It's an idea that almost seems as compatible as Mickey and Minnie. Take the tens of millions of tourists who are thinking about visiting central Florida's theme parks each year and sell them on the virtues of moving their companies or businesses to the region. In the half-century that Orlando has been a tourism hub, it had not been done, until now.
The quasi-public agencies that usually promote tourism and economic development separately in Orlando on Monday announced they are joining forces to market the region together under a single brand. With a tagline of "Unbelievably Real," the branding plan will be aimed at tourists, meeting planners, conventioneers, business-relocation specialists, site selectors, business owners and company CEOs. Around $23 million will be spent on it this year.
The branding plan was announced as officials reported that 59.3 million tourists came to Orlando in 2021. That represents a 68 percent increase over 2020's pandemic-stricken numbers, but it is still less than 80 percent of 2019's prepandemic figures.
"Looking at 2021, we started seeing some really strong numbers," said Casandra Matej, president and CEO of Visit Orlando.
The branding plan highlights Orlando's economic strengths in digital-game development and military simulation, combined with its tourist attractions, outdoor activities, and its cultural, sports and food scenes. It will start Monday with television and digital ads in New York City, Chicago and Boston, as well as a mural in Brooklyn, N.Y.
The goal is to tell "the entire story of Orlando," Matej said. "While we may have different target audiences, there's a lot of connection between those audiences."
With the growth of remote working during the pandemic, the timing of the joint branding seemed right, officials said. "The same person making a corporate-relocation decision is probably the same person bringing their family to Orlando, and has probably attended a meeting here in the last couple of years," said Tim Giuliani, president and CEO of the Orlando Economic Partnership. "When people come to us about relocating to Orlando, it's not their first time in Orlando. It's a global brand."
Walt Disney World is celebrating its 50th anniversary this year, and a long-awaited Guardians of the Galaxy ride at its Epcot park is opening later this month. But it's not just rides that stand to lure more visitors.

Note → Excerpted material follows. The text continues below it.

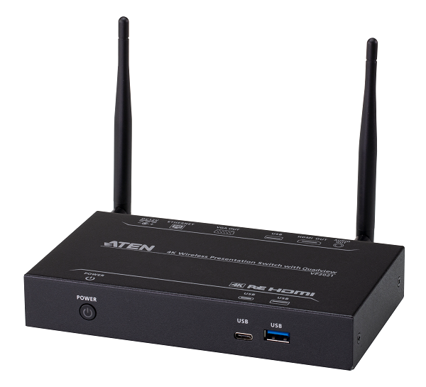 VHP2021은 무선 4K 프레젠테이션 스위치로, 노트북과 모바일 기기에서 HDMI 또는 VGA 디스플레이로 콘텐츠를 전송할 수 있다. AirPlay, Google Cast, Chrome 브라우저, ATEN 전용 앱과 호환되어 다양한 플랫폼에서 원활하게 활용 가능하다.

Orlando International Airport is nearing completion on its largest expansion ever, adding 15 gates that can accommodate an additional 10 million to 12 million passengers annually. The private Brightline train service also is expanding within the next year to Orlando, offering a two-hour ride from South Florida to the Orlando airport.
The expanded capacity at Orlando International Airport represents another synergy between tourism and economic development. Driven by the tourism market, the expansion will bring more airlines and travel routes to Orlando, making the area more attractive to companies or businesses that want to relocate, Giuliani said.
"It creates tremendous connectivity," he said. "As more companies have global interests, concerns, connectivity, that easy in and out allows Orlando to compete with any city."
The tourism numbers released Monday by Visit Orlando reflect the ways visitors coming to Orlando were affected by pandemic restrictions. The 2021 increase over 2020 was driven by domestic visitors, with business and international tourists lagging in growth. While domestic visitations grew by 70 percent, it grew only by almost 54 percent for business and 25.7 percent for international travelers.
In an effort to control the coronavirus, the U.S. imposed border restrictions on nonessential travel from Canada and Mexico. Many of those restrictions were lifted last November, but international travelers are still required to be vaccinated and those traveling by air must show a negative coronavirus test.
Domestic leisure visits in 2021 were 85 percent of those in 2019, before the pandemic. The numbers in 2021 were two-thirds of those in 2019 for domestic business travel and less than a third for international visits.
After the U.S. dropped some pandemic restrictions last November, Orlando started seeing upticks in international visitors from its most popular, Matej said.
"As soon as the rules of engagement changed in November, we started seeing real interest from our core markets," Matej said. "We're expecting by 2023 for international to be 100 percent recovered."